DAC 2022: Day 2

I covered Day 1 (and Day 0) of the Design Automation Conference in my post yesterday DAC 2022: Day 1. Tuesday was Day 2.

The keynote sessions started off with awards. Anirudh Devgan, Cadence's CEO, is the honoree of the 2021 Kaufman Award. He received his award earlier this year, and you can read about that in my post The 2022 Kaufman Dinner. But if an award is worth bestowing once then it is worth bestowing twice, and Anirudh received the award a second time at DAC (before going on to deliver the keynote).

Spectre

Later, one of the other awards was for the ACM/CEDA A Richard Newton Technical Impact Award in Electronic Design Automation. To be eligible for this award, the publication needs to have been at least ten years before. In this case, the publication was 27 years before, titled Efficient Steady-State Analysis Based on Matrix-Free Krylov Subspace Methods, which was published at DAC in 1995. The three authors were Jacob White of MIT, Ken Kundert of Cadence, and Ricardo Telichevesky of Cadence. Well, Ken and Ricardo worked for Cadence back then. In fact, both Ken and Ricardo worked for Cadence when I ran Custom IC, where they were the brain-trust of the Spectre family of circuit simulators.

Computational Software and the Future of Intelligent Electronic System Design

Having received his second Kaufman Award, Anirudh was soon back on the stage to deliver the keynote titled Computational Software and the Future of Intelligent Electronic System Design. He started by explaining that computational software is basically computer science plus math, or CS+math.

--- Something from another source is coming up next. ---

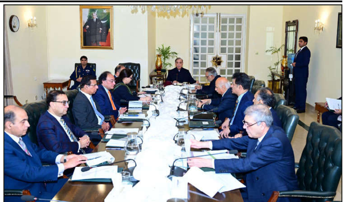
ISLAMABAD: Prime Minister Muhammad Shehbaz Sharif chairs a meeting regarding petroleum sector in Federal Capital.

Firstly, Yan suggested to promote China-Pakistan joint energy exploration and development cooperation.

At one level, there are drivers for the semiconductor industry and so indirectly they are drivers for EDA. In the memorable description of Mike Santorini, EDA is the water-skier behind the speedboat of the semiconductor industry. The current drivers are hyperscale computing, 5G, autonomous vehicles, Industrial IoT, and AI.

The above diagram shows the drivers for EDA (and Cadence). Three that Anirudh called out as the most important:

• System companies building their own silicon
• 3D-IC or chiplet-based design
• EDA with increasing automation based on AI

As a result, the future growth in Moore's Law is not coming from simple scaling, but from putting more onto the chip (multicore, domain-specific computing).

But EDA has its own version of Moore's Law, leading to a 1000X increase in productivity over the last two decades. On the left is the increase in capacity for digital implementation (synthesis, place and route, static timing signoff, and so on). On the right, the development of Cadence's emulation capability, going back to Quickturn's early days and all the way up to Palladium Z2 today. By the way, 1000X in 20 years is monthly growth rate of 3%, not far off 1% per week.

There is a future stretching out ahead of us too: 3nm coming soon, then 2nm, then 1.4nm, then 1nm. So at least three or four process nodes, a decade or so. But then 3D-IC and software kicks in, meaning we have 30 years of innovation ahead of us, driven more by integration than transistor scaling.

All software will become more and more computational. There is an enormous opportunity for those of us in EDA to expand our knowledge of CS+math into neighboring areas. EDA 1.0 is basic semiconductor and board EDA. EDA 2.0 takes that to the system level. And EDA 3.0 takes ML and big data algorithms into new domains.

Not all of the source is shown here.